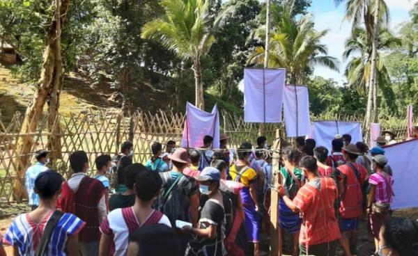 More than 1,500 villagers from Ku Thu Hta village tract gathered for a peaceful protest on July 22 following the murder of a Karen woman by two Burma...
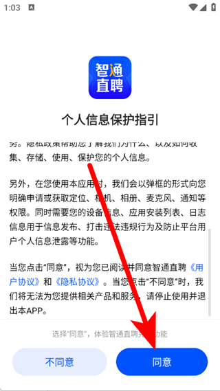 1、打开智通直聘,在弹窗中点击同意。
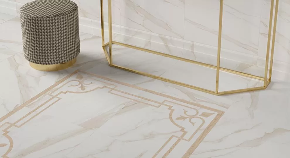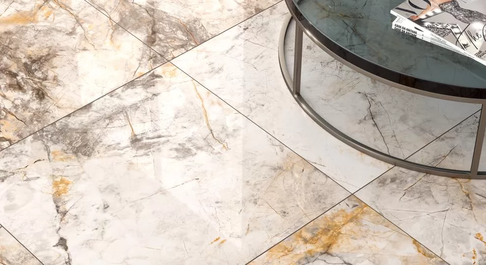 В серии «Монте Тиберио» также представлен керамический гранит с рисунком, характерным для нежно-белого мрамора «Калакатта Голд». Наряду с привычными серыми прожилками в этой разновидности керамического мрамора присутствуют золотисто-желтые вкрапления. Такой материал широко используется для декоративной отделки интерьеров в теплой цветовой гамме.
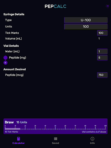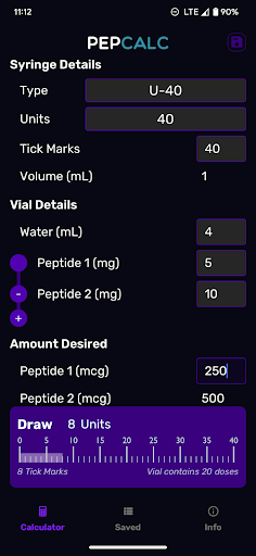 Been using PepCalc: Peptide Calculator for a couple months now. It’s basically an app that helps you figure out how much of a peptide to mix with water. Pretty solid if you’re into supplements and research chemicals. Here’s what you do: you put in the amount of peptide you have, the volume of water, and it calculates the right concentration. And there’s also features to choose the type of syringe you’re using, and you can even do blends with multiple peptides. Took me a while to figure some of that out, but it’s really useful once you get the hang of it. Look, if you’re into mixing your own peptides, you’ll probably like this app. It’s not perfect – the UI can be a bit confusing at first – but overall it does the job. Worth checking out.
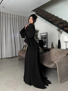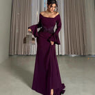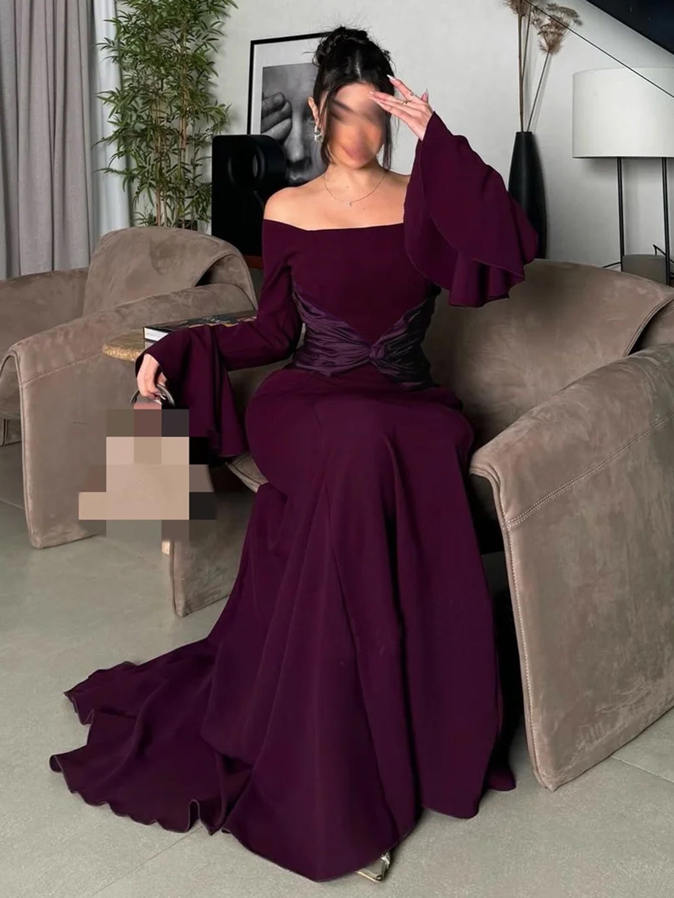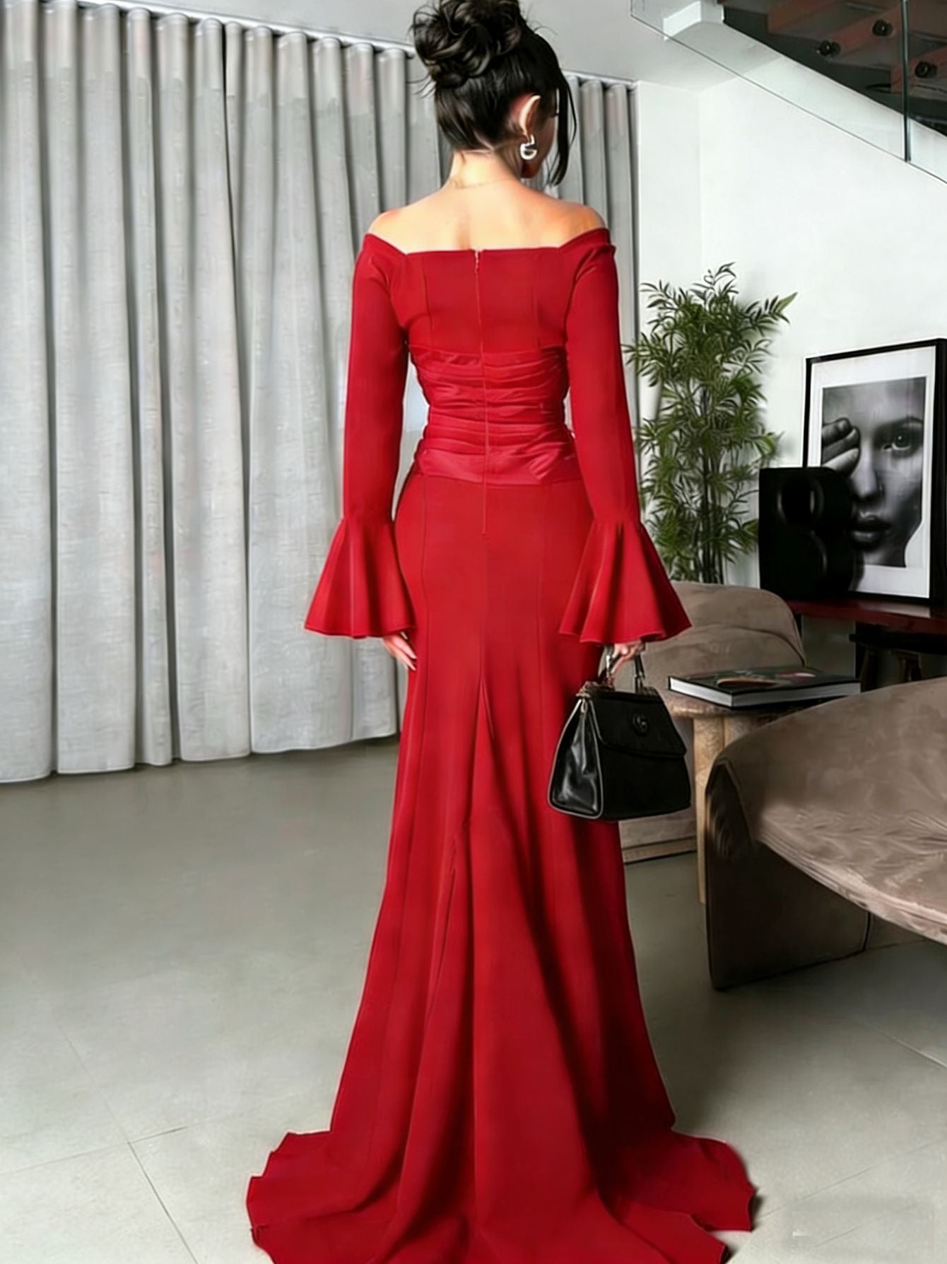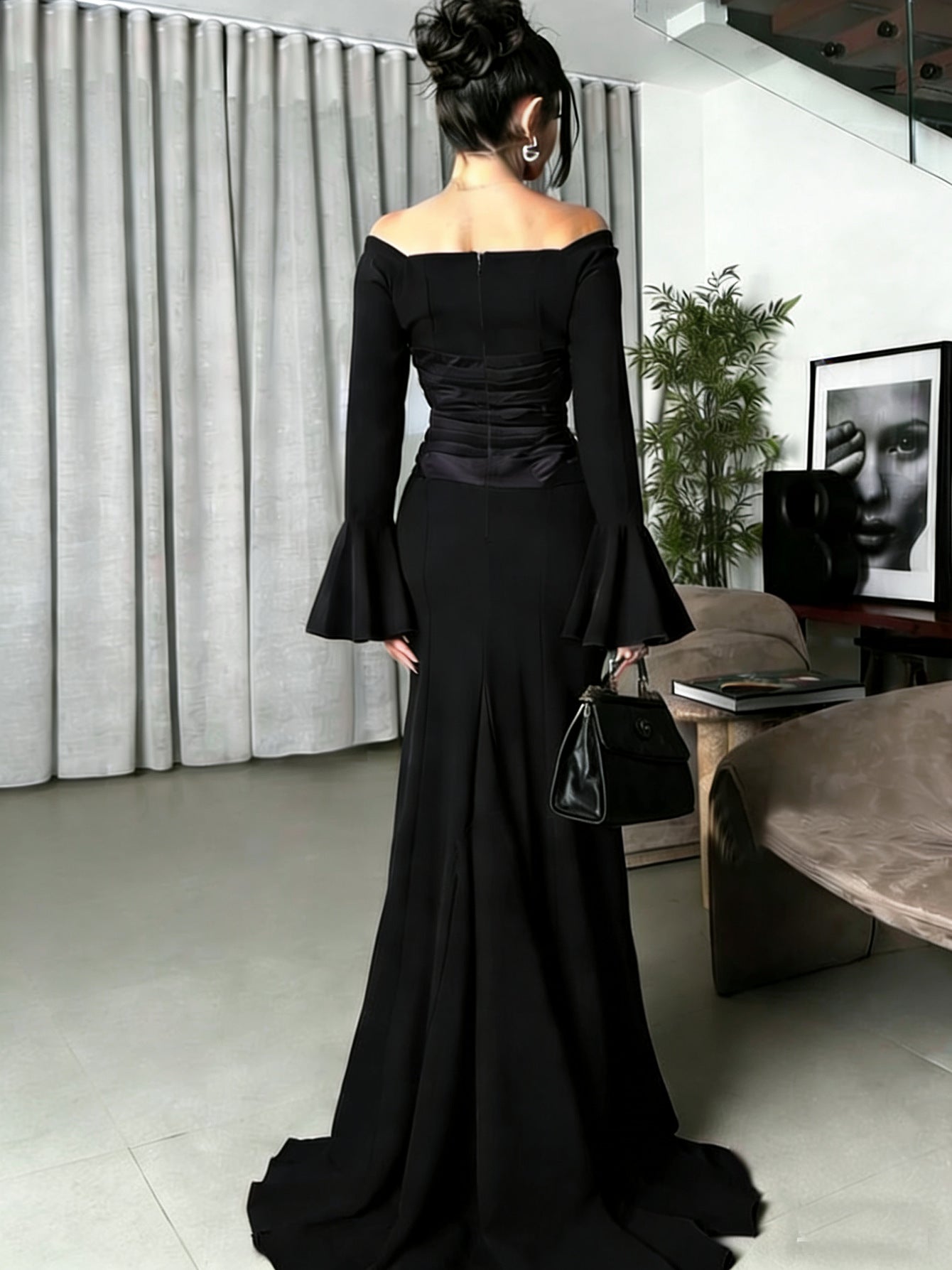 Long Sleeve off Shoulder Stitching Ruffle Slim Dress
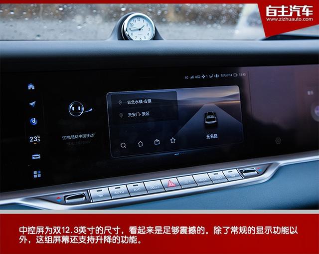 中控屏为12.3英寸的尺寸,看起来是足够震撼的。除了常规的显示功能以外,这组屏幕还支持升降的功能。

------------------------------------------------

**The task**
Restate the records above in full, word for word. Keep pictures out.

**Response to the task**
 More than 1,500 villagers from Ku Thu Hta village tract gathered for a peaceful protest on July 22 following the murder of a Karen woman by two Burma...
 1、打开智通直聘,在弹窗中点击同意。
 В серии «Монте Тиберио» также представлен керамический гранит с рисунком, характерным для нежно-белого мрамора «Калакатта Голд». Наряду с привычными серыми прожилками в этой разновидности керамического мрамора присутствуют золотисто-желтые вкрапления. Такой материал широко используется для декоративной отделки интерьеров в теплой цветовой гамме.
 Been using PepCalc: Peptide Calculator for a couple months now. It’s basically an app that helps you figure out how much of a peptide to mix with water. Pretty solid if you’re into supplements and research chemicals. Here’s what you do: you put in the amount of peptide you have, the volume of water, and it calculates the right concentration. And there’s also features to choose the type of syringe you’re using, and you can even do blends with multiple peptides. Took me a while to figure some of that out, but it’s really useful once you get the hang of it. Look, if you’re into mixing your own peptides, you’ll probably like this app. It’s not perfect – the UI can be a bit confusing at first – but overall it does the job. Worth checking out.
 Long Sleeve off Shoulder Stitching Ruffle Slim Dress
 中控屏为12.3英寸的尺寸,看起来是足够震撼的。除了常规的显示功能以外,这组屏幕还支持升降的功能。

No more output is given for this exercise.